SWIM thinks there is an argument to be had in favour of rehab facilities catering for couples. At present there aren't any that SWIM knows of in this country (Britain) and generally drug-counsellers don't like couples on drugs staying together and many refuse to treat ones who do.
SWIM feels so strongly about this that she has outlined the reasons why she thinks there is currently a gap in the rehab market below. She would appreciate it if people took the time to read this thread and then post comments below.
SWIM would like to know if others agree with what she is saying and also if there are any people out there in a similar situation to SWIM: people in long-term relationships, where both partners have a drug problem, who simply aren't catered for at this time. They are either told to split up and go to rehabs/seek treatment individually or shut up and get on with it. In other words they are refused treatment.
Also SWIM would like to know if anybody knows of any facilities or rehab treatment centres where couples are catered for.
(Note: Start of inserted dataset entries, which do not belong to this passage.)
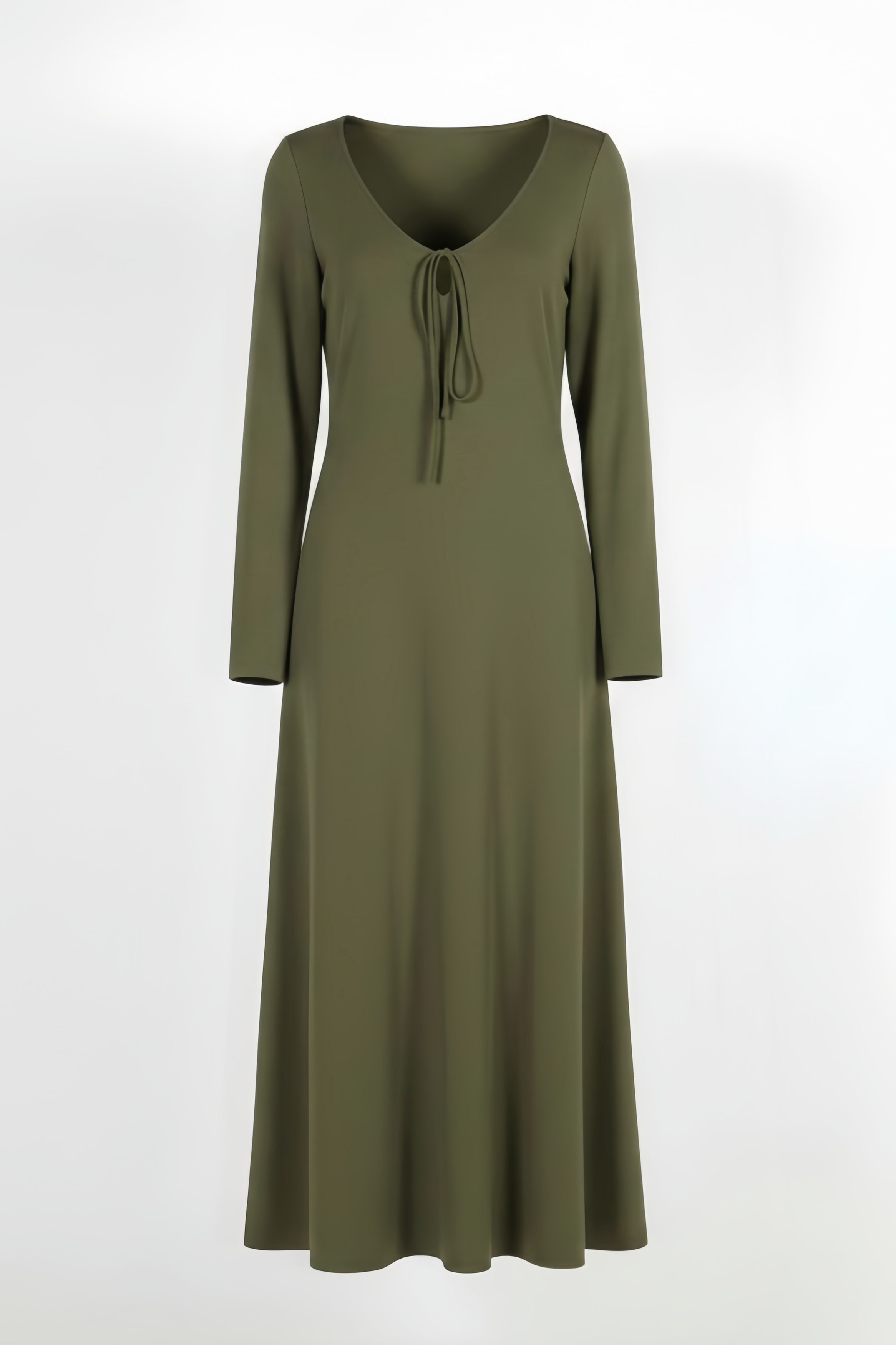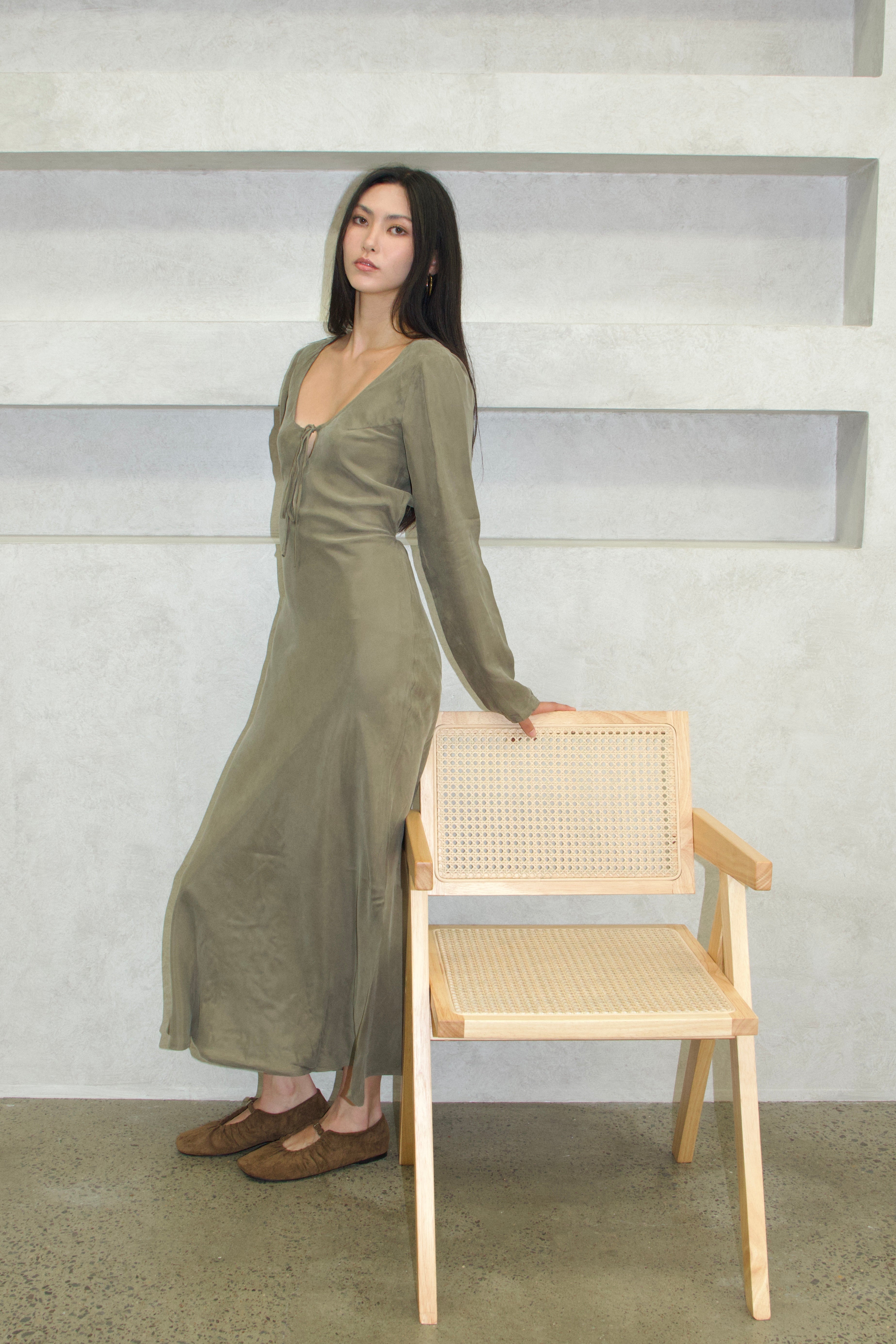 - Design Feature: Designed with a deep V neckline and adjustable tie-front, this dress allows for a custom, comfortable fit while softly shaping the waist without feeling restrictive. The long sleeves balance the open neckline, creating an easy, wearable silhouette that feels considered yet effortless. Cut in a fluid, elongated midi shape, it drapes naturally over the body and moves with you.
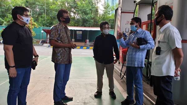 Kepala Pusat Data & Informasi Kementerian ESDM Agus Cahyono Adi didampingi Enterprise Project Director Telkom Judi Achmadi dan Director of Regional Marketing PT Pertamina Patra Niaga Jumali pada Jumat (11/9), berkunjung ke SPBU 34 12902 Gatot Subroto.
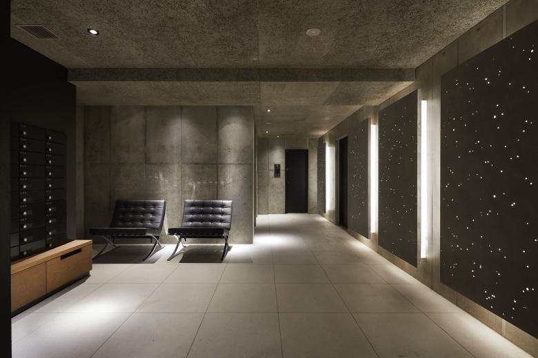 We also create special sculptural pieces using HPC panels to light up the communal entrance area inside the building. We cast circular acrylic moulds into the concrete panels and they light up like the night sky with stars. The generously-proportioned entrance area is also an added luxury not usually granted to ‘one-room mansion’ blocks in built areas such as Tokyo and Yokohama.
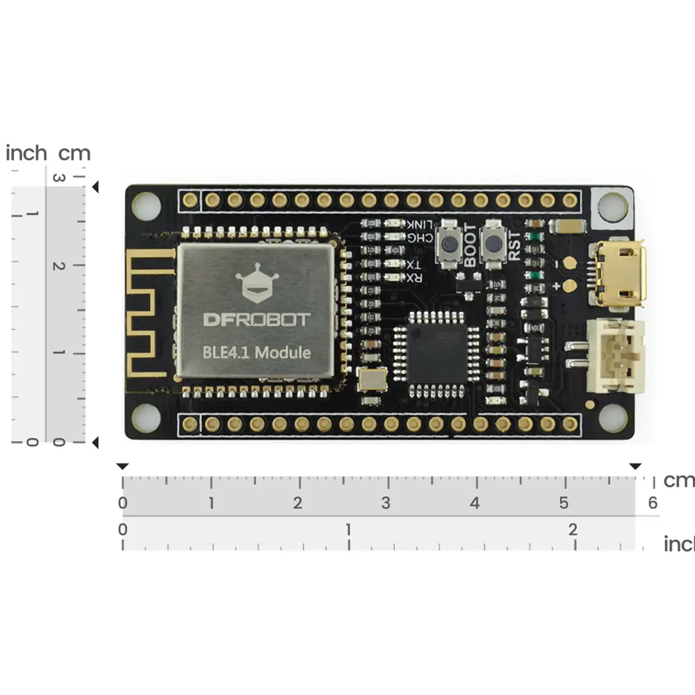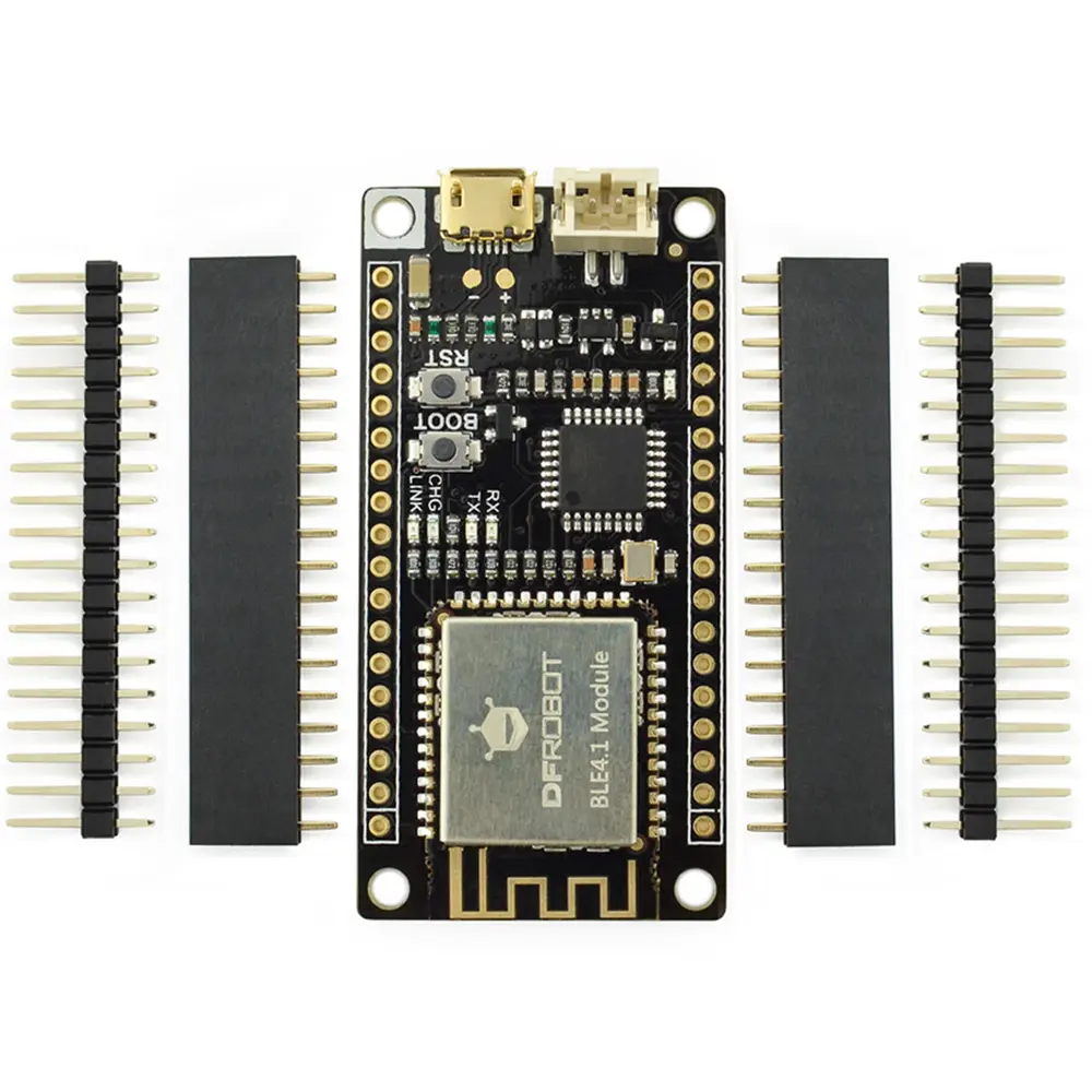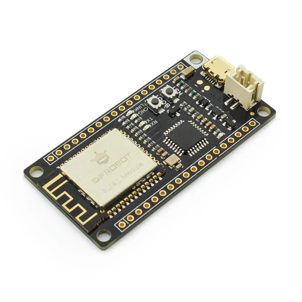 De geavanceerde Bluetooth-chip van de FireBeetle BLE 4.1 ondersteunt zowel centrale als perifere modi, waardoor maximaal vier apparaten tegelijkertijd verbinding kunnen maken. Met verbeterde mogelijkheden zoals KISS-verbindingen voor snelle apparaatkoppeling blinkt het moederbord uit in toepassingen die robuuste draadloze communicatie vereisen. Bovendien is het board compatibel met de Bluno BLE 4.0-serie en biedt het verbeteringen in stabiliteit en gegevensoverdrachtssnelheden tot 4 kB/s, terwijl het stroomverbruik laag blijft.

SWIM expects to find there are very few, if any, in existence.
In SWIM's case she and her partner have been together 9 years - this is no schoolground crush. SWIMs partner has been to rehab a few times but SWIM never has, although she has been to look at rehab facilities with her boyfriend so as he can make a decision on which one to go to and she has been to visit him when he's been a resident at rehabs.
All the rehabs SWIM knows of in this country have a policy where they only take single people (not couples), so SWIM couldn't go to rehab with her boyfriend even if she wanted too. This is despite the fact that all drugs-counsellors will tell you that it is hard for one person to get clean and nearly impossible for two people who are in a relationship and both using to get clean and stay clean, unless they both really want it and are both getting help.
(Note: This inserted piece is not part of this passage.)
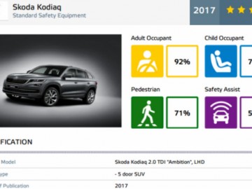 Проверку безопасности новый вседорожник проходил в комплектации Ambition. По данным Euro NCAP, кроссовер Skoda Kodiaq обеспечивает защиту на уровне 92% для водителя и взрослого пассажира. Безопасность пассажира-ребенка оценили в 77%, пешеходов — 71%, а набор устройств обеспечения безопасности получил рейтинг в 54%, сообщает .
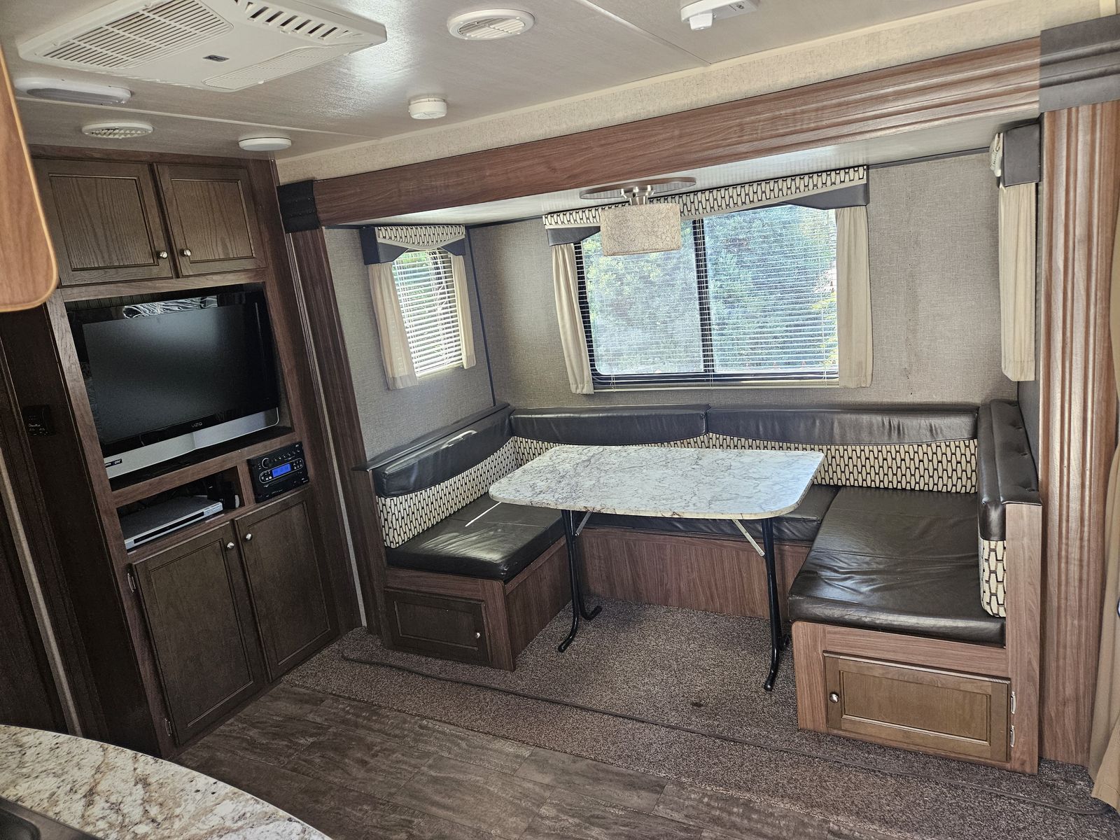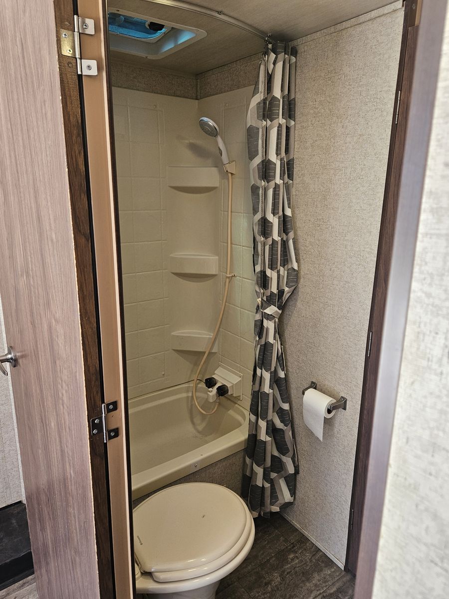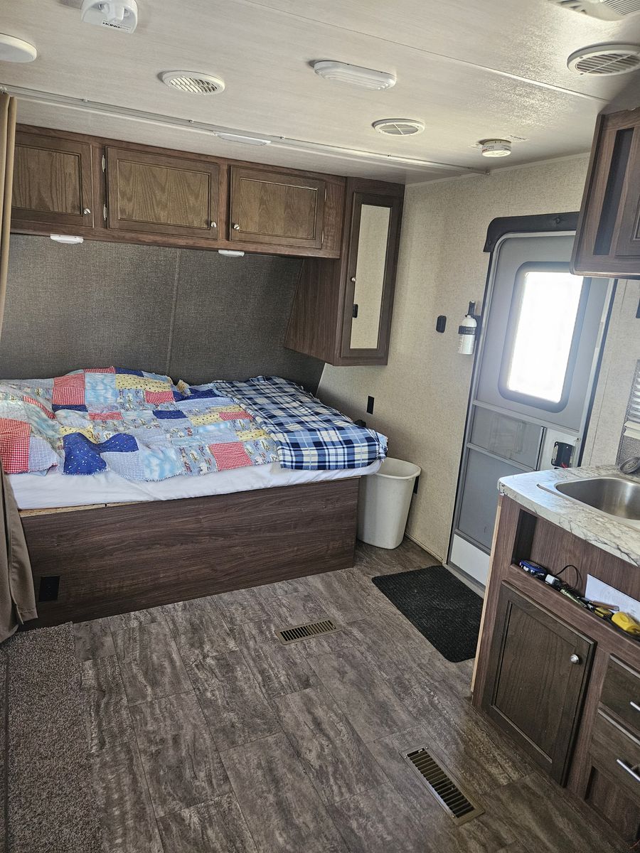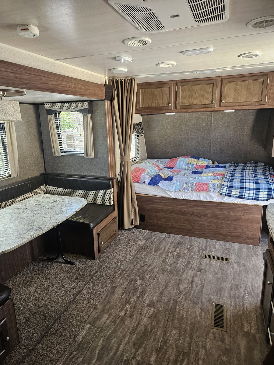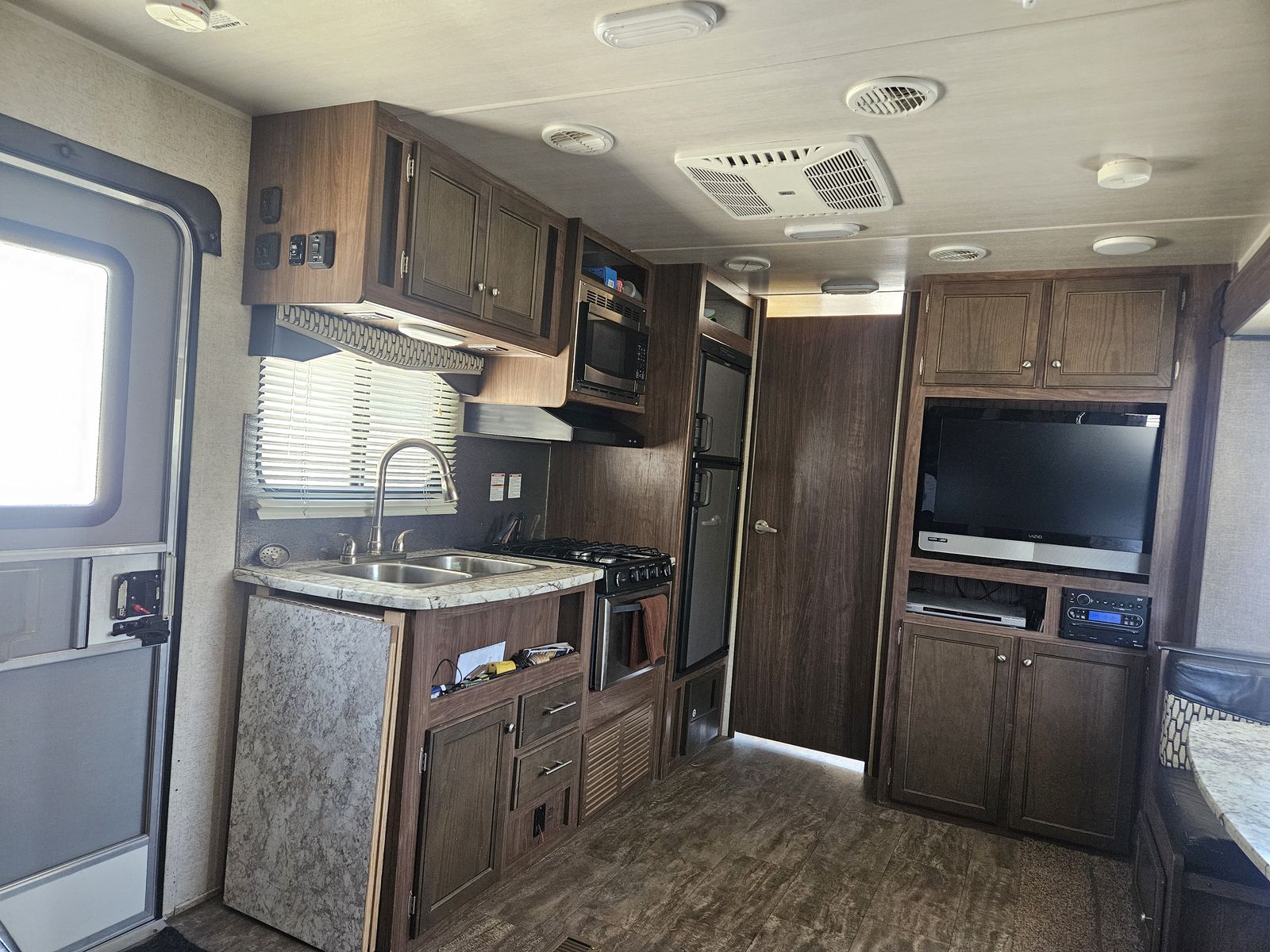 PayPalThis a travel trailer toy hauler with a single slide-out and a U-shaped dinette. It can sleep up to six people and has a base weight of 6,777 lbs. The 28TH model is known for its spaciousness, with one slide-out expanding the living area and a garage space in the back. Key Features and Specifications: Toy Hauler: Designed to accommodate ATVs, motorcycles, or other recreational vehicles in the rear garage space. Sleeping Capacity: Sleeps up to 8 people. Single Slide-Out: Expands the living space with a U-shaped dinette. Interior Height: 80 inches (6 feet 8 inches). Base Weight: 6,777 lbs. Hitch Weight: 1,274 lbs. Fresh Water Capacity: 42 gallons. Garage Dimensions 93 inches (7.75 ft) wide, 132 inches (11 ft) long. Ramp Door Opening 69.5 inches wide, 73 inches tall. Exterior Length 31 feet (box) + 35 feet (overall). It has been stored indoor year round

In the last rehab SWIMs boyfriend was in they actively tried to split them up because they felt so strongly that they couldn't get clean together.
Even though he said this wasn't an option they repeatedly brought it up in groups and attacked his position to try and make him change his mind.
SWIM understands why they did what they did but it makes her so angry that there is this attitude amongst drug-workers and rehabs.
Another friend of SWIM's was in a rehab for alcohol addiction and met someone in there. They started to see each-other clandestinely but were found out. When they were discovered they were told they either had to split up or get out. They lied and said they would stop seeing each-other but really carried on. The staff were suspicious though and they were asked to leave.
This makes me so angry - ok, so the situation isn't ideal but surely its better that they continue to get help together rather than being thrown out and receive no help. The staff at the rehab must know in that situation that the person or people involved are unlikely to be able to continue their soberdom for long without help and support.
SWIM can see the argument too that it is unfair on other residents for their to be a couple amongst them who already know each-other and have a close bond, but surely there is room for a rehab to be set up that is solely for couples? This way no-one would be at an advantage.
SWIM thinks there is a real gap in the market for a couples rehab. Couples who go there would of course be made aware that it is going to be extremely difficult to stay clean together: be made aware of all the facts and the statistics. But if they still want to remain a couple after a discussion with staff of this nature then they should be admitted together. This way they could attend support groups together where they could examine their drug-use together and learn why they do what they do, identify triggers and all the usual stuff that is done at rehabs. They could also have one-to-one counselling though to address their individual issues. Because it is a couples rehab there could be classes/groups scheduled that are slightly different from the usual ones you get at rehab. They could have discussions targeted to the fact that there is two of them. Looking, for example, at what to do if one of you proves weaker than the other. Ways to support each-other and how to deal with one of the couple failing to remain clean.
The important thing to is that at least they would both be there (at a rehab) at the same time. The worst thing is if one person is staying at a rehab and getting clean whilst the other is at home and continuing to use drugs. Six months spent at a rehab together would be six months that they've both spent off drugs. Another argument in favour of a couple going to rehab together is that they would be learning to live with each-other whilst not being on drugs. Sounds silly but if two people have been taking drugs together for a long time they will have forgotten how to have a relationship that doesn't revolve around taking or getting drugs.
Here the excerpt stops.